▶ **Goal of the exercise**: All that should be output is the block of lines below from the line with "Your Xerox MFP" to the line with "随后,同学们观看育才中学的宣", both included, exactly as written.
Start of Block
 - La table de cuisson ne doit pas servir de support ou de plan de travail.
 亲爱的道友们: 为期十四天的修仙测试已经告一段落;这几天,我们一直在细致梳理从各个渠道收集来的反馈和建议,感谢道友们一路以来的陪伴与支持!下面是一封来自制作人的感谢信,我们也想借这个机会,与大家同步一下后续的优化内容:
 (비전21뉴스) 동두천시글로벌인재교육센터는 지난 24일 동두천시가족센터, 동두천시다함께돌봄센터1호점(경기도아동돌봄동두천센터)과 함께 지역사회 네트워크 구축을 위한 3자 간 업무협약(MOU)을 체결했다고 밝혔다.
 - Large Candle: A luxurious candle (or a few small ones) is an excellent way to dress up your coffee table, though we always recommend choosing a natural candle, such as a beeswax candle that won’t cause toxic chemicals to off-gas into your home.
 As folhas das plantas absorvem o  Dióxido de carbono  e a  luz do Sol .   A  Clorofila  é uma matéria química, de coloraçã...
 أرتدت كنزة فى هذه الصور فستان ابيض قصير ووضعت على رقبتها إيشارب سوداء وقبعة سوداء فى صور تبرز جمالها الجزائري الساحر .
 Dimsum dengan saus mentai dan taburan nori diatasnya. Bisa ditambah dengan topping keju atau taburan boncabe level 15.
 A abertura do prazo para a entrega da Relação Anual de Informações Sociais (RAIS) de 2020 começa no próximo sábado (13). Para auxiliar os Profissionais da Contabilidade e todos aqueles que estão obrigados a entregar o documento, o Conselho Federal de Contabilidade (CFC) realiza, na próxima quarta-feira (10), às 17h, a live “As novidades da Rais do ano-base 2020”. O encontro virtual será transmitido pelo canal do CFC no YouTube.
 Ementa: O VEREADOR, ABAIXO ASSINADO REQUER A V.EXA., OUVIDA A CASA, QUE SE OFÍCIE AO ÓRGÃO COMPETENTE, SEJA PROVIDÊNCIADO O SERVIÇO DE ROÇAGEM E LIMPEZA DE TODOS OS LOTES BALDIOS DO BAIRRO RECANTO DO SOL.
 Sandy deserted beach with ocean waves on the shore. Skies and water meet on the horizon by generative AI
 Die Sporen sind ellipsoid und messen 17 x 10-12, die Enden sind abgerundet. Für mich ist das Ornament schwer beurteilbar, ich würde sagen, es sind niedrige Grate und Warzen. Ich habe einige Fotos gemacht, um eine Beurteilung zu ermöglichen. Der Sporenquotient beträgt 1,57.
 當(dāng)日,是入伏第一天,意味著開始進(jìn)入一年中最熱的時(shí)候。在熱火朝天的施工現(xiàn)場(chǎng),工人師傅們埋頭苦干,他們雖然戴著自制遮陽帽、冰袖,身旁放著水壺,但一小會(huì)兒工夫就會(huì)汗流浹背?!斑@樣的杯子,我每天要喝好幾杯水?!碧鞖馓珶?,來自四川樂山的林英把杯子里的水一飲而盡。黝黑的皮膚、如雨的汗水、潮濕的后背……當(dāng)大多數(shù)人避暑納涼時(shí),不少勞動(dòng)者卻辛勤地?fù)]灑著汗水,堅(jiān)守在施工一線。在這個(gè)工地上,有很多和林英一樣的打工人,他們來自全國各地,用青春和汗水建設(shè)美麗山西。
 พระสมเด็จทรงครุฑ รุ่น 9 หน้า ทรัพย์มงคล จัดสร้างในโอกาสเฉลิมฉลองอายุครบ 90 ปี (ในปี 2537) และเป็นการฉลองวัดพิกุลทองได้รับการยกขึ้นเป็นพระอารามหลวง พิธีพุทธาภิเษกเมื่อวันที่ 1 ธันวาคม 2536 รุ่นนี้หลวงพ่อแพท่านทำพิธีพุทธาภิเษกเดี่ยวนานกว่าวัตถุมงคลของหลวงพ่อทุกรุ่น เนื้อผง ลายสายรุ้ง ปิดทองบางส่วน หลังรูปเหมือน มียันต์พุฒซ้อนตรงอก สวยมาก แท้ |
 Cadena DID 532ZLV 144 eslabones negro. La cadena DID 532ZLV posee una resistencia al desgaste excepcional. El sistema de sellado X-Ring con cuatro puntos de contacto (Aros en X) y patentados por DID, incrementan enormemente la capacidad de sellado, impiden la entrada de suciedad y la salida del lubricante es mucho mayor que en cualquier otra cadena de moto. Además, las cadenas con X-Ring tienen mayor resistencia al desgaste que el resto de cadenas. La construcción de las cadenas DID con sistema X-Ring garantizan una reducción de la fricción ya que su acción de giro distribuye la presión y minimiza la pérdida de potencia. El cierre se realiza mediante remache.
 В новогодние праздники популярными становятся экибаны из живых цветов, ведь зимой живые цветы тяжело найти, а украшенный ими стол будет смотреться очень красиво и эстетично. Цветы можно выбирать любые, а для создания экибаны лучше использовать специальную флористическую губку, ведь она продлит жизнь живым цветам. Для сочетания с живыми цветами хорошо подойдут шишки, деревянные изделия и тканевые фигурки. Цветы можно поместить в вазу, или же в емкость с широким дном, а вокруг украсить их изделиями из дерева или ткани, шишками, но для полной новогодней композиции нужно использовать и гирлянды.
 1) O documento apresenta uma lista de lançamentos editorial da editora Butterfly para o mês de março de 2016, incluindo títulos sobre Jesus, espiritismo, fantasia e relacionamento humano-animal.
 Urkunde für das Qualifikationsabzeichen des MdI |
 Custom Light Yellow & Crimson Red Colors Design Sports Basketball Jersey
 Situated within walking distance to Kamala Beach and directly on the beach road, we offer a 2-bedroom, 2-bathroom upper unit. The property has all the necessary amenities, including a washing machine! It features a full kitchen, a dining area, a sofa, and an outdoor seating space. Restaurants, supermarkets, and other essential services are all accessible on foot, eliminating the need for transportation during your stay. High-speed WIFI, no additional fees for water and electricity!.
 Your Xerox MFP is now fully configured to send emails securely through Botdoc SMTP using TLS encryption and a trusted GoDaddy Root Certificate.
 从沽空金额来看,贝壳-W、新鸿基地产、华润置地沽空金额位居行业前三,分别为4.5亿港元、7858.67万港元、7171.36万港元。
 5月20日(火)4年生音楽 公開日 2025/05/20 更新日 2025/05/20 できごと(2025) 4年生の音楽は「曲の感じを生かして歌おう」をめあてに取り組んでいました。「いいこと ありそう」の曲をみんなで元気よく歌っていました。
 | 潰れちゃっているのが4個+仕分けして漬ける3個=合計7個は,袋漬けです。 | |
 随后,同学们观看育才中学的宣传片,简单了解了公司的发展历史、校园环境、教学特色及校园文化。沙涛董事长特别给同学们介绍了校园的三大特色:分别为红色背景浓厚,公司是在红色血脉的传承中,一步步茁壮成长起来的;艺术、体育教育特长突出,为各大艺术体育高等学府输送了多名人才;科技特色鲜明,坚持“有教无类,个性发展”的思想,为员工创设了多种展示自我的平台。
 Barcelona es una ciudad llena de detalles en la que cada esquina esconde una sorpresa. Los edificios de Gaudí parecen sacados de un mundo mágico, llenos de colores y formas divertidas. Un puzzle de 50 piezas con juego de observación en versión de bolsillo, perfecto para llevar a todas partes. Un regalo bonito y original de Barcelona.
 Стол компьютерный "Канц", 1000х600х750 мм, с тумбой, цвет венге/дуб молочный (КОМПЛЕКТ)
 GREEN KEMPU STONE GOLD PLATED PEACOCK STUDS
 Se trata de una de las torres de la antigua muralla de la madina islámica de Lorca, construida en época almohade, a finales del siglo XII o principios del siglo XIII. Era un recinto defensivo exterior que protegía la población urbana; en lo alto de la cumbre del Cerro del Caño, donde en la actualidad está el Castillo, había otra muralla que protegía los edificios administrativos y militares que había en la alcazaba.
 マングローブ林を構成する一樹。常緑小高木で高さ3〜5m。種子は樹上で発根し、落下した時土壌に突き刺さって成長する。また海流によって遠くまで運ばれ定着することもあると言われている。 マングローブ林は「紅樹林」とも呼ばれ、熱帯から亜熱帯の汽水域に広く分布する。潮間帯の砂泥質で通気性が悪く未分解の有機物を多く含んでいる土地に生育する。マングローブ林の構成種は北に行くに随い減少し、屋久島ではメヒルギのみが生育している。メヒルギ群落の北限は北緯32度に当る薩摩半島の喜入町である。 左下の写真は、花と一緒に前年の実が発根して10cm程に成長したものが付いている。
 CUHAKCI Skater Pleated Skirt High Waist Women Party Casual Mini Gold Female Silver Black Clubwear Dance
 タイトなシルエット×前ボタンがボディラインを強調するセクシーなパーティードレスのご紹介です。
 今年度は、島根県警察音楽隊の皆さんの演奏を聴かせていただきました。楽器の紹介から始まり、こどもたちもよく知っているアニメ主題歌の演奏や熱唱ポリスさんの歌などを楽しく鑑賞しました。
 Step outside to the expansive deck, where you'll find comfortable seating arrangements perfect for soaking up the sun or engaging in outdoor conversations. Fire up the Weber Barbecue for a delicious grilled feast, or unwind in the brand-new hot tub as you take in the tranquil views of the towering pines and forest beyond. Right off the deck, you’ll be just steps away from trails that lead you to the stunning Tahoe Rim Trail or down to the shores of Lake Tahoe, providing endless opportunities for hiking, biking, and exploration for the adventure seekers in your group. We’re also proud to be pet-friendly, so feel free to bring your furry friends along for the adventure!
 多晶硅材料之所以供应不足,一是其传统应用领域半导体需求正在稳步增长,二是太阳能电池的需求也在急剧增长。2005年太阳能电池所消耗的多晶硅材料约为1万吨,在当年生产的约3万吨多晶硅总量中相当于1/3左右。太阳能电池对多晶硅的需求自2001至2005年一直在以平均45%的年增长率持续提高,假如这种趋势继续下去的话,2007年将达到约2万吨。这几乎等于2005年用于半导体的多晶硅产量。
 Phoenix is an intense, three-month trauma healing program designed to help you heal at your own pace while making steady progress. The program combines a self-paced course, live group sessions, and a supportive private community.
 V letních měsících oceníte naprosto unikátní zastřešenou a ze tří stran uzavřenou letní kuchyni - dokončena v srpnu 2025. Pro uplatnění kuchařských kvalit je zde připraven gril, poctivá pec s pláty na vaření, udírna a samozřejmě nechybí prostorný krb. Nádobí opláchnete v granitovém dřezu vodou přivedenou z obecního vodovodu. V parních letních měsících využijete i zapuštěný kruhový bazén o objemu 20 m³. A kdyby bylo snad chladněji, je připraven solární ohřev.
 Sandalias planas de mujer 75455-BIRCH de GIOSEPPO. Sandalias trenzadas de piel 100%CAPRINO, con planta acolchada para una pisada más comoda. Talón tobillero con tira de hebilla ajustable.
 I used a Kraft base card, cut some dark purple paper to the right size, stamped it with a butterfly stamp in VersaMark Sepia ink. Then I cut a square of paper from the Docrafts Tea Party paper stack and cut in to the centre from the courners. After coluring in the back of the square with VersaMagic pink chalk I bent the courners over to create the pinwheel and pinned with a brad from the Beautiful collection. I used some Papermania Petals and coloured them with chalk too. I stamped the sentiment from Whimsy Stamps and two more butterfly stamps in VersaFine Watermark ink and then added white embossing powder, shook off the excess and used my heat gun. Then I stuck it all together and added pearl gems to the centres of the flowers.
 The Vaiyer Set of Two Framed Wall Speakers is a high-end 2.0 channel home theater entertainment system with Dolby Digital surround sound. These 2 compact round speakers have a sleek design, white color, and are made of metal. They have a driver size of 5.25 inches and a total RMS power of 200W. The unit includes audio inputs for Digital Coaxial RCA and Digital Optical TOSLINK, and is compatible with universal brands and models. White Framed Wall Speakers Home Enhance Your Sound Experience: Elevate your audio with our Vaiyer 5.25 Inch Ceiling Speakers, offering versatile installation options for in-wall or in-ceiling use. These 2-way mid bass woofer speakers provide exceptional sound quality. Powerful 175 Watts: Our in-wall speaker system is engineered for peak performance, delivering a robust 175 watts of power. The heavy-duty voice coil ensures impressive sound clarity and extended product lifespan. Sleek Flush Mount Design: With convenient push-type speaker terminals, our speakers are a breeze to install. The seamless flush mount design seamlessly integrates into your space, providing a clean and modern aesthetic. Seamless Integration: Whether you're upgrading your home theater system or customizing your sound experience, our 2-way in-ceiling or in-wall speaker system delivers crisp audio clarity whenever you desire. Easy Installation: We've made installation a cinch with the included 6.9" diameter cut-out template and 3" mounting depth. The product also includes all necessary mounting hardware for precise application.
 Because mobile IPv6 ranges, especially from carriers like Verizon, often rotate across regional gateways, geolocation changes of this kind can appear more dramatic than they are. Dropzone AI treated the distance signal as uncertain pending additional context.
End of Block
▶ **Completed task**:
 Your Xerox MFP is now fully configured to send emails securely through Botdoc SMTP using TLS encryption and a trusted GoDaddy Root Certificate.
 从沽空金额来看,贝壳-W、新鸿基地产、华润置地沽空金额位居行业前三,分别为4.5亿港元、7858.67万港元、7171.36万港元。
 5月20日(火)4年生音楽 公開日 2025/05/20 更新日 2025/05/20 できごと(2025) 4年生の音楽は「曲の感じを生かして歌おう」をめあてに取り組んでいました。「いいこと ありそう」の曲をみんなで元気よく歌っていました。
 | 潰れちゃっているのが4個+仕分けして漬ける3個=合計7個は,袋漬けです。 | |
 随后,同学们观看育才中学的宣传片,简单了解了公司的发展历史、校园环境、教学特色及校园文化。沙涛董事长特别给同学们介绍了校园的三大特色:分别为红色背景浓厚,公司是在红色血脉的传承中,一步步茁壮成长起来的;艺术、体育教育特长突出,为各大艺术体育高等学府输送了多名人才;科技特色鲜明,坚持“有教无类,个性发展”的思想,为员工创设了多种展示自我的平台。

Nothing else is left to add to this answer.